Near-infrared Observations of Be/X-ray Binary Pulsar A0535+262

We present results obtained from an extensive near-infrared spectroscopic and photometric observations of the Be/X-ray binary A0535+262/HDE 245770 at different phases of its ~111 day orbital period. This observation campaign is a part of the monitoring programme of selective Be/X-ray binary systems aimed at understanding the X-ray and near-IR properties at different orbital phases, especially during the periastron passage of the neutron star. The near-IR observations were carried out using the 1.2 m telescope at Mt. Abu IR observatory. Though the source was relatively faint for spectroscopic observations with 1.2 m telescope, we monitored the source during the 2011 February–March giant outburst to primarily investigate whether any drastic changes in the near-IR JHK spectra take place at the periastron passage. Changes of such a striking nature were expected to be detectable in our spectra. Photometric observations of the Be star show a gradual and systematic fading in the JHK light curves since the onset of the X-ray outburst that could suggest a mild evacuation/truncation of the circumstellar disc of the Be companion. Near-IR spectroscopy of the object shows that the JHK spectra are dominated by the emission lines of hydrogen Brackett and Paschen series and HeI lines at 1.0830, 1.7002 and 2.0585 micron. The presence of all hydrogen emission lines in the JHK spectra, along with the absence of any significant change in the continuum of the Be companion during X-ray quiescent and X-ray outburst phases suggest that the near-IR line emitting regions of the disc are not significantly affected during the X-ray outburst.

💡 Research Summary

This paper presents a coordinated near‑infrared (NIR) photometric and spectroscopic monitoring campaign of the Be/X‑ray binary pulsar A0535+262 and its optical companion HDE 245770. Observations were carried out with the 1.2 m telescope at the Mt. Abu Infrared Observatory between March 2010 and April 2011, covering three orbital cycles (≈111 days) and, crucially, the giant Type II X‑ray outburst that occurred in February–March 2011.

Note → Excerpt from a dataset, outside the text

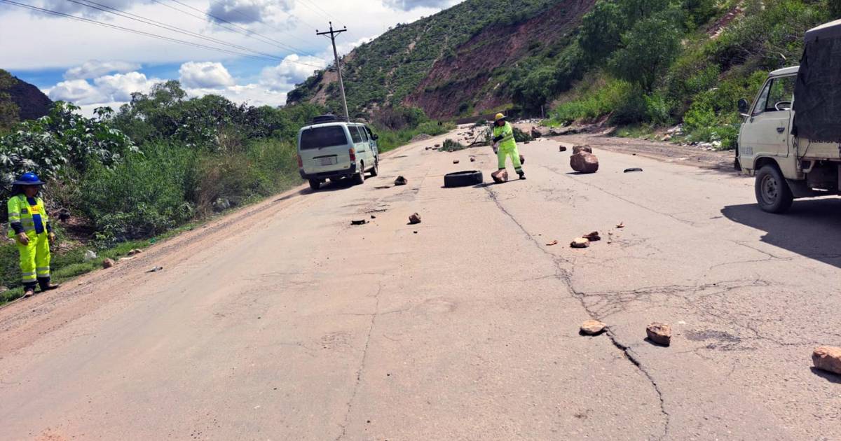 [Foto: UNITEL] / Personal de la ABC impia la carretera a occidente desde Cochabamba que estaba llena de piedras.
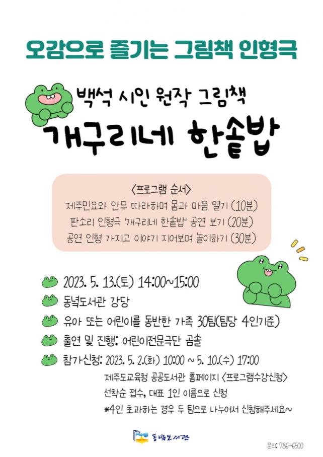 À̹ø °ø¿¬Àº 5¿ù 13ÀÏ(Åä) ¿ÀÈÄ2½Ã µ¿³èµµ¼°ü °´ç¿¡¼¡®¾î¸°ÀÌÀÎÇü±ØÀü¹® ±Ø´Ü °õ¼Ö¡¯ÀÌ ¹é¼® ½ÃÀÎ ¿øÀÛÀÇ ±×¸²Ã¥ <°³±¸¸®³× ÇѼܹä>¿¡ ÆÇ¼Ò¸®¿Í Àç¹ÌÀÖ´Â ¾È¹«¸¦ °¡¹ÌÇÑ ÀÎÇü±Ø °ø¿¬À» ÆîÄ¡¸ç, °ø¿¬ ÈÄ¿¡´Â ¾î¸°À̵éÀÌ ÀÎÇüÀ» Á÷Á¢ ¸¸Áö°í À̾߱⸦ ÁöÀ¸¸ç ³îÀÌȰµ¿À» ÇÏ´Â ½Ã°£À» °®´Â´Ù.

Photometric monitoring in the J, H, and K bands shows that during quiescent intervals the magnitudes remain essentially constant (≈7.5–8.0 mag). At the onset of the X‑ray outburst, all three bands exhibit a systematic fading of about 0.12 mag, corresponding to a ∼12 % decrease in flux. The J–H and H–K colour indices, however, stay unchanged within the measurement uncertainties, indicating that the flux reduction is roughly equal across the NIR spectrum. The authors interpret this behaviour as a mild evacuation or truncation of the Be star’s circumstellar disc, which supplies the bulk of the free‑free and bound‑free emission that dominates the NIR output.

Spectroscopically, the NIR spectra are dominated by hydrogen recombination lines: Paschen series (e.g., Pa β, Pa γ) in the J band, Brackett series (Br γ, Br 10–14) in the H and K bands, and He I lines at 1.083 µm, 1.7002 µm, and 2.0585 µm. The line centres match laboratory wavelengths, and the equivalent widths and line profiles show no significant variation between the quiescent and outburst phases. Notably, the dramatic disc‑loss event reported in 1998 (where Br γ switched from emission to absorption) is absent; the disc remains present throughout the 2011 outburst. The continuum shape also remains stable, reinforcing the conclusion that the line‑forming region of the disc is not strongly perturbed by the neutron star’s periastron passage.

These findings support a picture in which the neutron star’s interaction with the Be disc during periastron primarily affects the outer, low‑density parts of the disc that dominate the NIR free‑free emission, while the denser inner disc that produces the recombination lines remains largely intact. The modest NIR dimming, together with unchanged colours, suggests a relatively uniform loss of disc material rather than a temperature or density change confined to a specific region.

Methodologically, the study demonstrates that even modest‑aperture facilities can provide valuable constraints on disc dynamics in Be/X‑ray binaries, provided that observations are timed to capture key orbital phases. However, the limited spectral resolution (R ≈ 1000) and signal‑to‑noise (S/N ≈ 20–40) restrict the ability to detect subtle line‑profile changes or weak diagnostic lines. The authors recommend follow‑up observations with larger telescopes and higher‑resolution NIR spectrographs, ideally coordinated with simultaneous X‑ray, optical, and radio monitoring, to map the full three‑dimensional response of the disc to neutron‑star accretion events. Such multi‑wavelength campaigns will be essential for building quantitative models of mass transfer, disc truncation, and outburst triggering in Be/X‑ray binaries.